Сара распахивает дверь и проносится мимо побледневших девчонок «грязнуль»: в подведенных сурьмой глазах светится ужас, они совершенно не представляют, что же делать с рыдающей напарницей.
ПРИНЦЕССА В «AUJOURD’OUI» ПОВТОРЯЮ ПРИНЦЕССА В «AUJOURD’OUI» ПЕРЕКЛЮЧАЮСЬ НА ПОЛИЦЕЙСКУЮ ВОЛНУ УДАЧНОЙ ОХОТЫ КАННИНГЕМ
Заходя в полумрак клуба, Сара моргает, привыкая к освещению, но уже в следующий миг она чувствует, как безумное пламя прошивает ее с ног до головы, и наркота, подобно римской свече форсажа, которыми пользуются жокеи, возносит ее на самый край небес, позволяя по-прежнему держать все под контролем. Комната, танцоры и обстановка вспыхивают жидкокристаллическим калейдоскопом.
А затем появляется Принцесса, и движение вокруг Сары замирает. Девчушка окружена качками из «грязи», и все же она отчетливо выделяется в темноте – словно светится изнутри. Она не похожа ни на кого вокруг: все в ней говорит о роскоши, светлых и беззаботных радостях, свободе от всего, даже от гравитации. Такая жизнь, которой не могут достичь даже жокеи.
Кажется, даже музыка замолкает и зал затихает, чувствуя накатывающее благоговение. Две сотни глаз видят исходящее от Принцессы свечение, и сотня изголодавшихся по всему этому людей истекает слюнями. Сара чувствует, как тело начинает покалывать, по кончикам пальцев разливается нервное тепло. Она готова.

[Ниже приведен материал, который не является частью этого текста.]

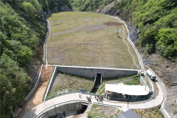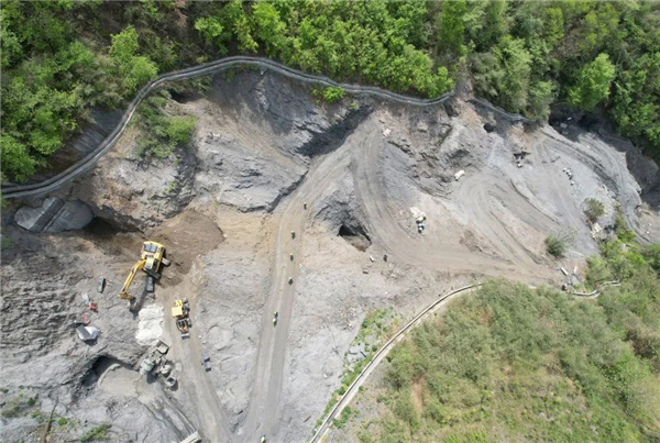 ↑白河縣里端溝(二期)重金屬污染綜合整治工程項目(4月9日攝,無人機照片)。

Сара тихо смеется как победитель и широкими скользящими шагами, как ее учила Огнецветка, идет через темный бар, покачивая мощными плечами и отчаянно вихляя бедрами, подобно изготовившейся к прыжку кошке. Она улыбается качкам и вскидывает руки ладонями вперед, показывая им, что у нее нет оружия, а в следующий миг Принцесса оказывается перед ней. Она на добрых четыре дюйма ниже Сары, и та, уперев руки в бедра, с вызовом смотрит на девушку. Длинные светлые волосы Принцессы распущены, локоны касаются щек. Глаза подведены фиолетовым и желтым, так что кажется, что на призрачном бледном лице, не знавшем боли и мечтающем о ней, видны синяки. Ее темно-фиолетовый рот кажется рваной раной. Сара запрокидывает голову и, обнажая зубы, низко гортанно смеется, сама напоминая себе гиену на охоте.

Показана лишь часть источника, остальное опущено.